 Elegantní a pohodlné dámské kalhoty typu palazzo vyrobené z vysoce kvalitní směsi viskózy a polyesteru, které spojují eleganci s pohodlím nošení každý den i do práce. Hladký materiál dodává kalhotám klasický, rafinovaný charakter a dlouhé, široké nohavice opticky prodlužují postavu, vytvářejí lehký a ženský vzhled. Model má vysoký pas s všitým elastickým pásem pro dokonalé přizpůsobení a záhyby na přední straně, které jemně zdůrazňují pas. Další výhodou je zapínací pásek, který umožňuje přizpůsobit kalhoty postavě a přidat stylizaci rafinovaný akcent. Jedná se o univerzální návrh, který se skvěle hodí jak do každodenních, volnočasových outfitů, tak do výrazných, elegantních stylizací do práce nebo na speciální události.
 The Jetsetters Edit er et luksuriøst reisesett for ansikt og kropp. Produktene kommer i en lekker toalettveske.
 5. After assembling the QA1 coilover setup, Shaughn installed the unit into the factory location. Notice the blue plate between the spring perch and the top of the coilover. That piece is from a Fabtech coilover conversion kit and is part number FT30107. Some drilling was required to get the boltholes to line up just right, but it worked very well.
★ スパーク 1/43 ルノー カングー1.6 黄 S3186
--
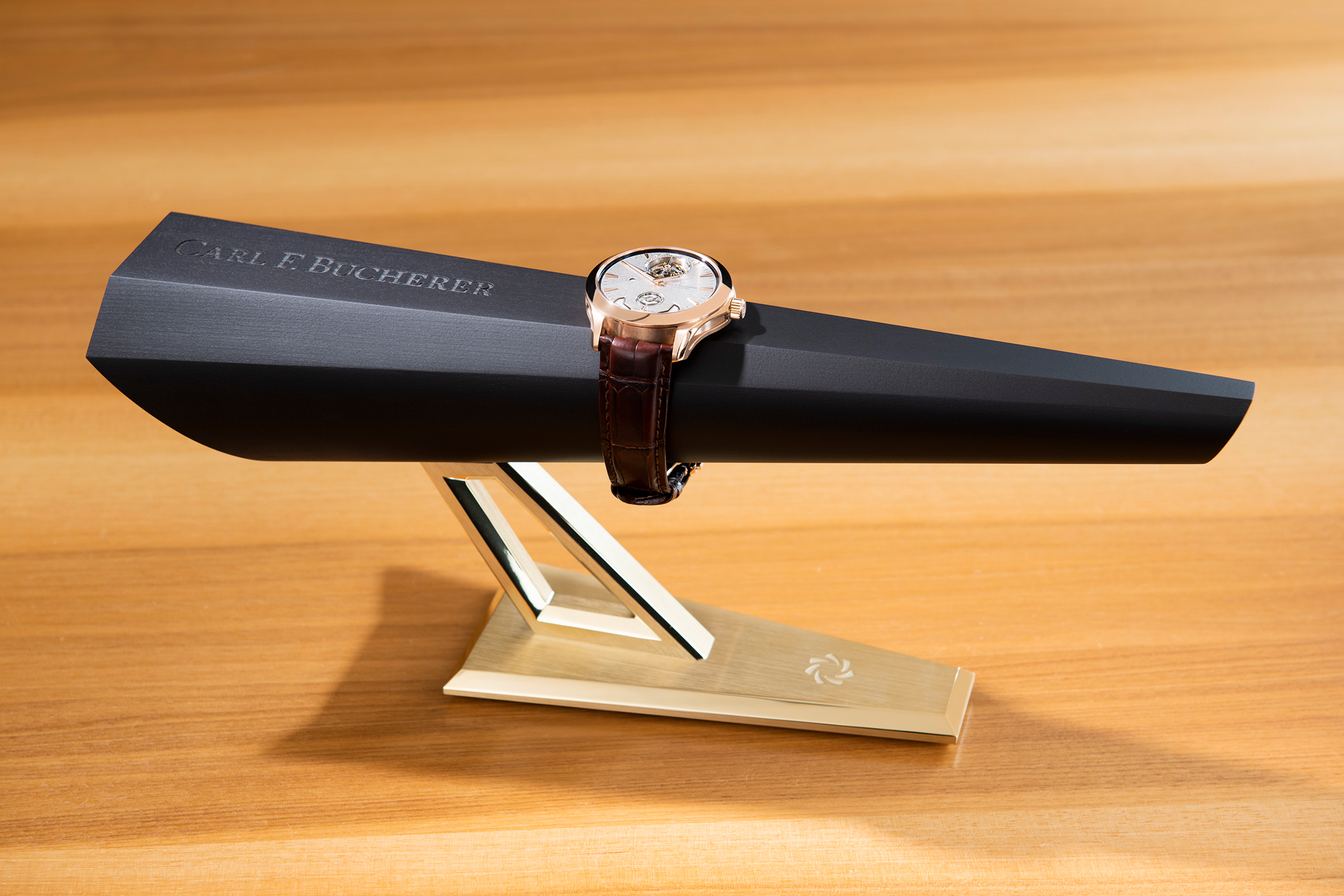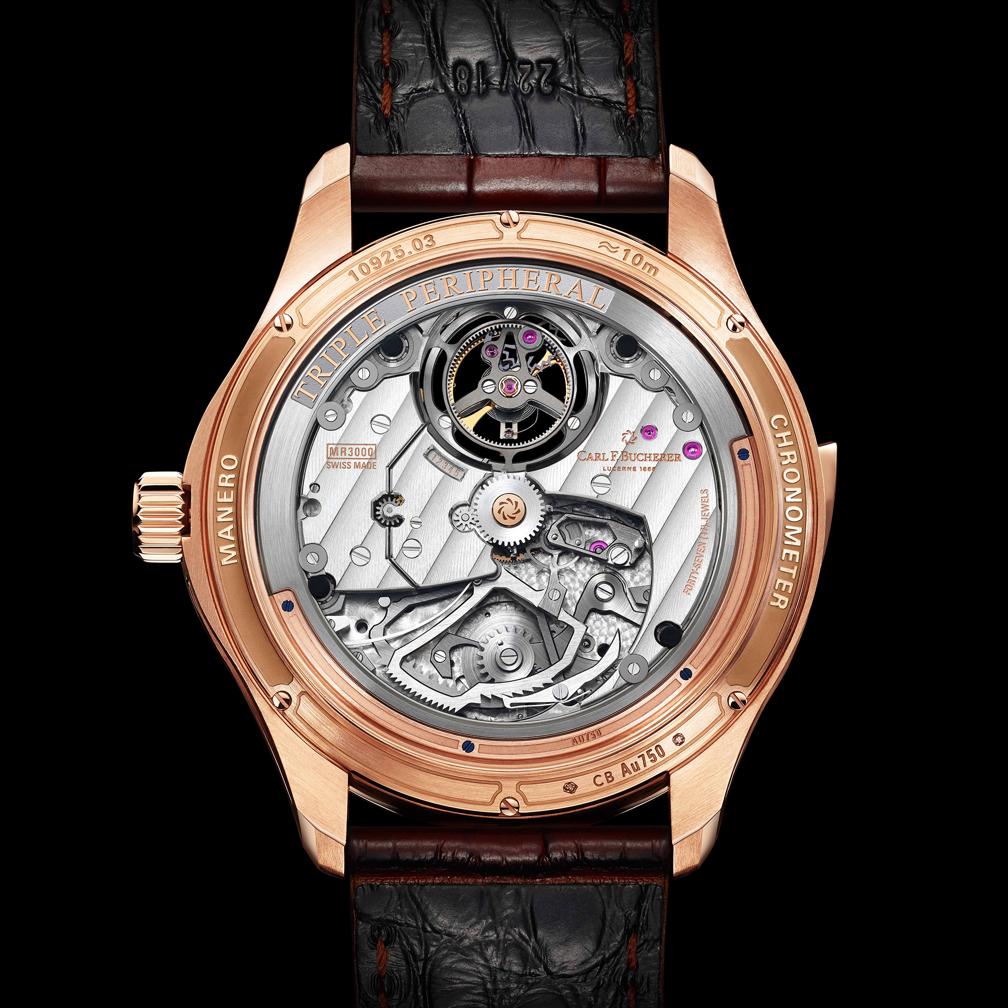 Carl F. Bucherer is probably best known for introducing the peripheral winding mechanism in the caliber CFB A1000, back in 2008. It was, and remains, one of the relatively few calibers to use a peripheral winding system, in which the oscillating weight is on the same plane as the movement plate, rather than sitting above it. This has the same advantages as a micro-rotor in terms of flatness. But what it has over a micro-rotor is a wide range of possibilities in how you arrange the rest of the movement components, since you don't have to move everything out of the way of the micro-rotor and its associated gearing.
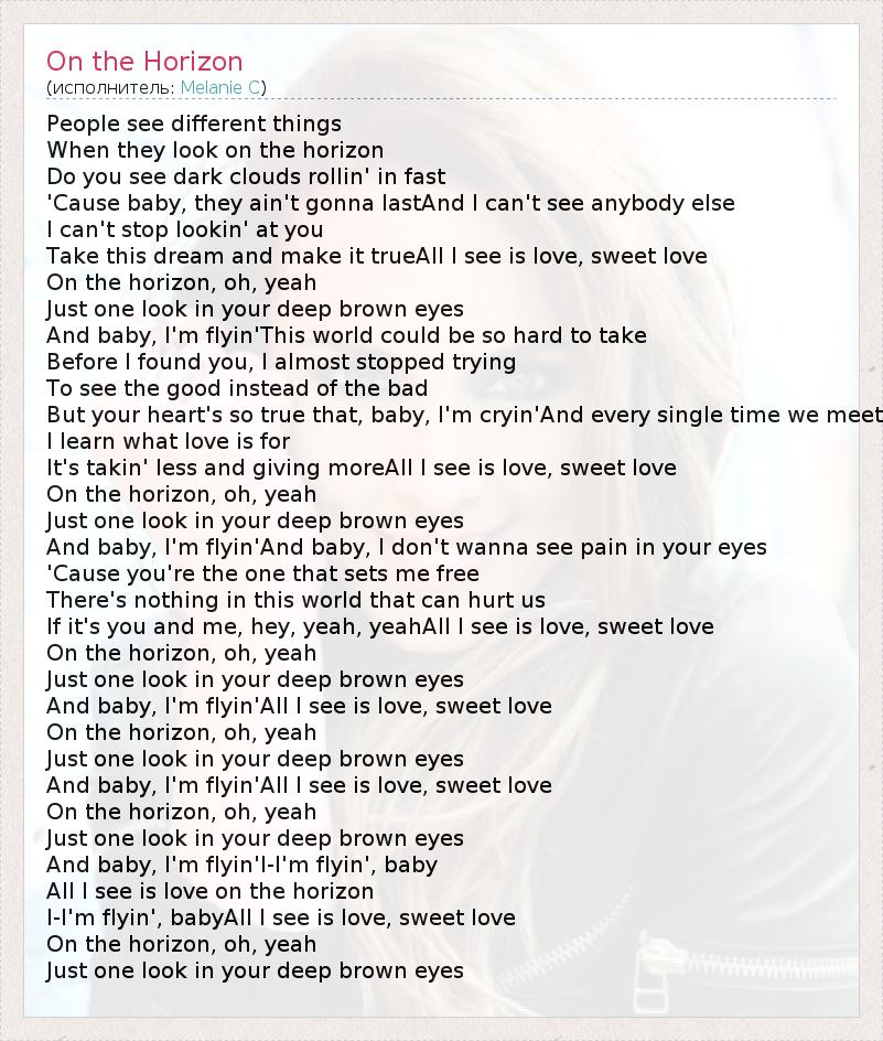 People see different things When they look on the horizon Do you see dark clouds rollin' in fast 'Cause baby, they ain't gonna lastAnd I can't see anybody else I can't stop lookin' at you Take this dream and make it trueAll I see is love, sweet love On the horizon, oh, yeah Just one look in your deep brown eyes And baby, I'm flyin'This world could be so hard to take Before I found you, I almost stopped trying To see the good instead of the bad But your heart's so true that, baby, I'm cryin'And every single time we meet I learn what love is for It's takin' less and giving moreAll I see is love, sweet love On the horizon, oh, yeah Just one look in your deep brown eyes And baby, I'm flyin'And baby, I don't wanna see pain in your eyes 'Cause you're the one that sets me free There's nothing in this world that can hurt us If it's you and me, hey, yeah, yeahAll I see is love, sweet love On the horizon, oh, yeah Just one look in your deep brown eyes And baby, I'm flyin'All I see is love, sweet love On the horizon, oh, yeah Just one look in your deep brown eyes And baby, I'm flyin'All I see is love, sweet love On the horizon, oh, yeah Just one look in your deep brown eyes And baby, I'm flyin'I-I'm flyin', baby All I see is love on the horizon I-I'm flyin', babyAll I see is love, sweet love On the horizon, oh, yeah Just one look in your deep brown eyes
---
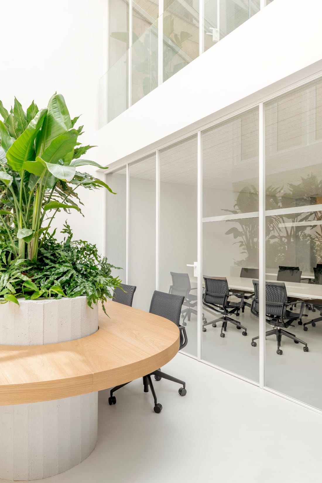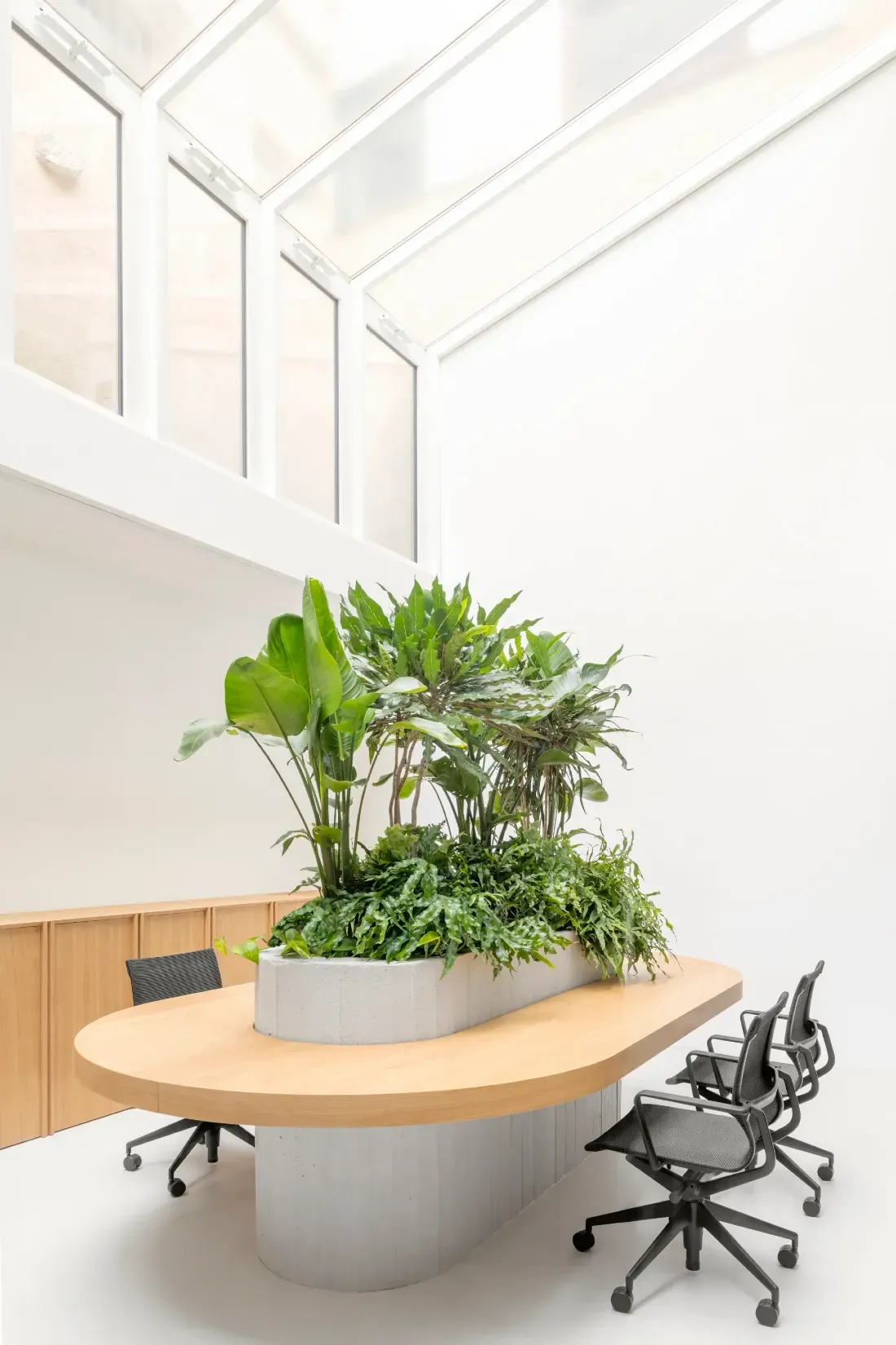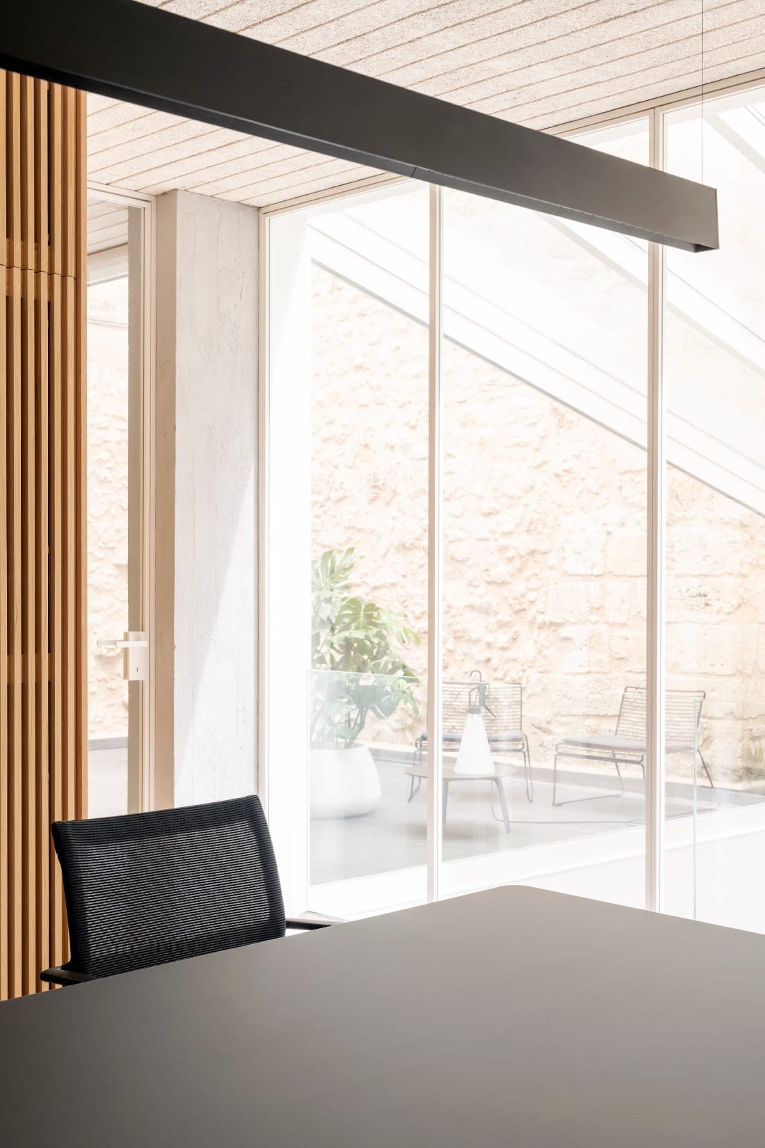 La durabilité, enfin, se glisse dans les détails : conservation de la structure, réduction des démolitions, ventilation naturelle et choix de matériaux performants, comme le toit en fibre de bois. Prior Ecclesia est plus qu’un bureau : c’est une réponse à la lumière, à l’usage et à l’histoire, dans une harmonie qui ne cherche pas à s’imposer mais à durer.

Required action
Copy out the range of lines above starting at the line with "5. After assembling" and ending at the line with "カングー1.6 黄 S3186", exactly and including both.

Response to this exercise
 5. After assembling the QA1 coilover setup, Shaughn installed the unit into the factory location. Notice the blue plate between the spring perch and the top of the coilover. That piece is from a Fabtech coilover conversion kit and is part number FT30107. Some drilling was required to get the boltholes to line up just right, but it worked very well.
★ スパーク 1/43 ルノー カングー1.6 黄 S3186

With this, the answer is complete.